Regarding hurricane Camille, it actually affected the weather in Kansas City. For about two days, we had a thin to medium overcast of clouds for two days and virtually no wind blowing. I would estimate that Kansas City is about 900 miles from the Gulf Coast. Weather forecasters for once correctly predicted the weather for those two days. Tim.


As you experienced in KC, areas that are hundreds of miles away from a hurricane often experience beautiful/tranquil weather because all of the moisture is being sucked into the hurricane.

Stephen Riddell

I experienced hurricane Camille at a personal level. I was living just 20 miles east of the eye landfall,at 28ft above sea level near the runway. Peak surge level was 20ft.
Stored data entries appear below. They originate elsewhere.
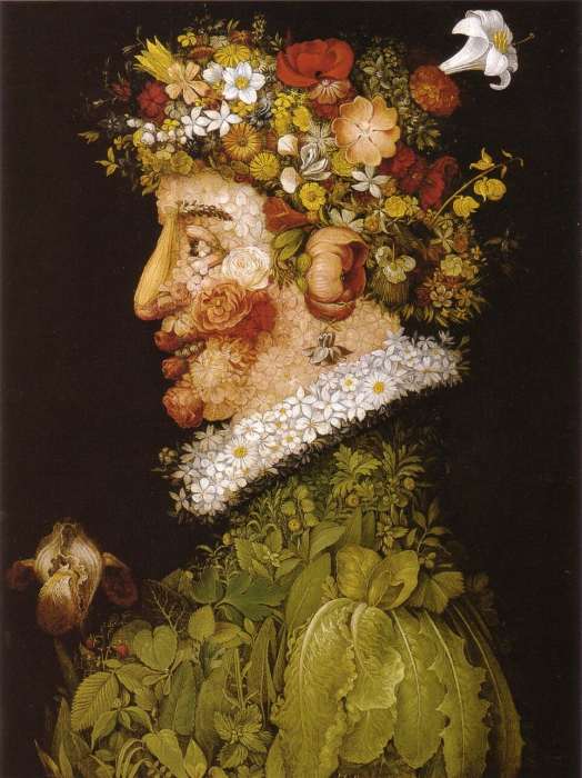 A todo esto debemos sumarle que hasta el 2 de marzo es posible ver una pequeña pero preciosa exposición sobre Arcimboldo titulada: Giuseppe Arcimboldo, dos cabezas de Flora, siendo la ocasión de ver juntas a estas dos obras maestras del arte que pertenecen a colecciones particulares. El milanés Arcimboldo (1527-1593) nació en una modesta familia de pintores, y fue famoso por la curiosa estética con la que hacía sus retratos, usando elementos de la naturaleza como flores, frutas, pescados, animales, e incluso a veces cañones, pistolas y hogueras, hacía retratos de personajes aristócráticos de su tiempo pero velados bajo la apariencia de seres mitológicos y alegóricos. Se dice que Arcimboldo no fue uno de los grandes genios del Renacimiento, pero con sus cabezas, o teste composte, encontró su estética y su camino, trabajando para cortes de un gran gusto artístico. Eran habituales las series de las Cuatro Estaciones o los Cuatro Elementos, así como de alegorías morales y terrenales como las Floras que se pueden ver en la Juan March. Arcimboldo trabajó largo tiempo en centro-europa, y cuando Praga fue tomada a la fuerza por las tropas Suecas en la Guerra de los 30 años, muchas de sus obras se diseminaron y llegaron hasta aquel país invasor. Uno de los ejemplos más famosos es el Vertumno (para muchos un retrato de Rodolfo II de Austria), deidad pagana símbolo del verano y de la abundancia de esta estación, que hoy se encuentra en el Castillo de Skokloster, cerca de Estocolmo, sin duda es una de sus tablas más famosas. Sin embrago es cierto que la obra de Arcimboldo está bastante repartida por el mundo, así se puede ver en museos de Viena (Museo de Historia del Arte), Denver (Museo de Arte), París (Louvre), Innsbruck (Castillo de Ambras), Florencia (Galleria degli Uffizi) o Madrid (Real Academia de Bellas Artes de San Fernando), en esta última hay una preciosa alegoría de la Primavera que fue parte de esas Cuatro Estaciones de las que hablaba antes. Arcimboldo fue largo tiempo olvidado hasta que se redescubre en los años ’30 del siglo XX, influyendo a mucho en artístas de vanguardias y del movimiento surrealista.
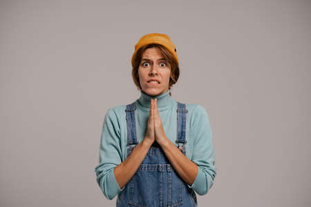Photo of cute female hipster prays and waits for something so much. White woman wears denim overall and hat isolated grey color background
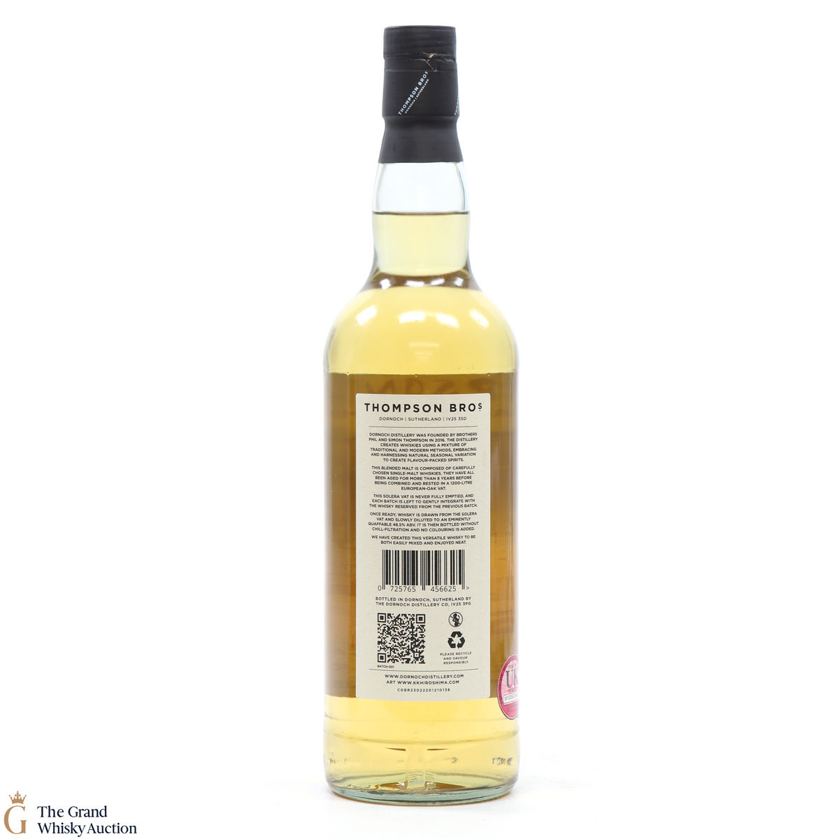 The Thompson Bros have used a toasted 1200-litre European oak in the process of creating this blended malt. Each time they bottle they use just two-thirds of the blend, leaving the base within the vat as the starter for the next batch. Aged for over 8 years and bottled at 48.5%.

Thank God I was living in a concrete building on Keesler AFB in Biloxi MS. Some imprinted images are trying to push open a south facing door by 4 people, NO WAY or looking out a south facing window made my eyes water and seeing purple and green lightening. Feeling the building vibrating and the many window blinds crashing and banging. It was quite unsettling. Off base a married friend had to swim to a tree with the wife but made it. Hearing of a homeless man tying himself to a light pole with a rope just so he could fly in the wind.They found a pulp on a rope the next morning. Heard of the Hurricane party at the beach Hotel where 200 vanished. Base wind gauge broke away at 205MPH. We moved all bunk beds to the main hallway. I fell asleep listening to a radio to a very weak signal from WWL New Orleans 90 miles to the west. Next morning the sky was deep blue and cool temps. We had the only running water for 200 miles.
I recorded sounds of the day on audio cassette and I have transferred it to my computer. It will be uploaded as a video of pictures and the audio to You Tube at http://www.youtube.com/user/beefourme my own channel


Stephen, thanks for your thorough first-person account - and for the You Tube links. Ive never exerienced a full fledgedhurricane (Gloria skirted by NYC in 1985) but I can imagine the temptation must be great not to evacuate when a storm approaches because of the inconvenience and skepticism about the danger of the storm. By the way, one of our longtime anchormen here in New York, Chuck Scarborough, was starting out as a news reporter in Mississippiwhen Camille struck.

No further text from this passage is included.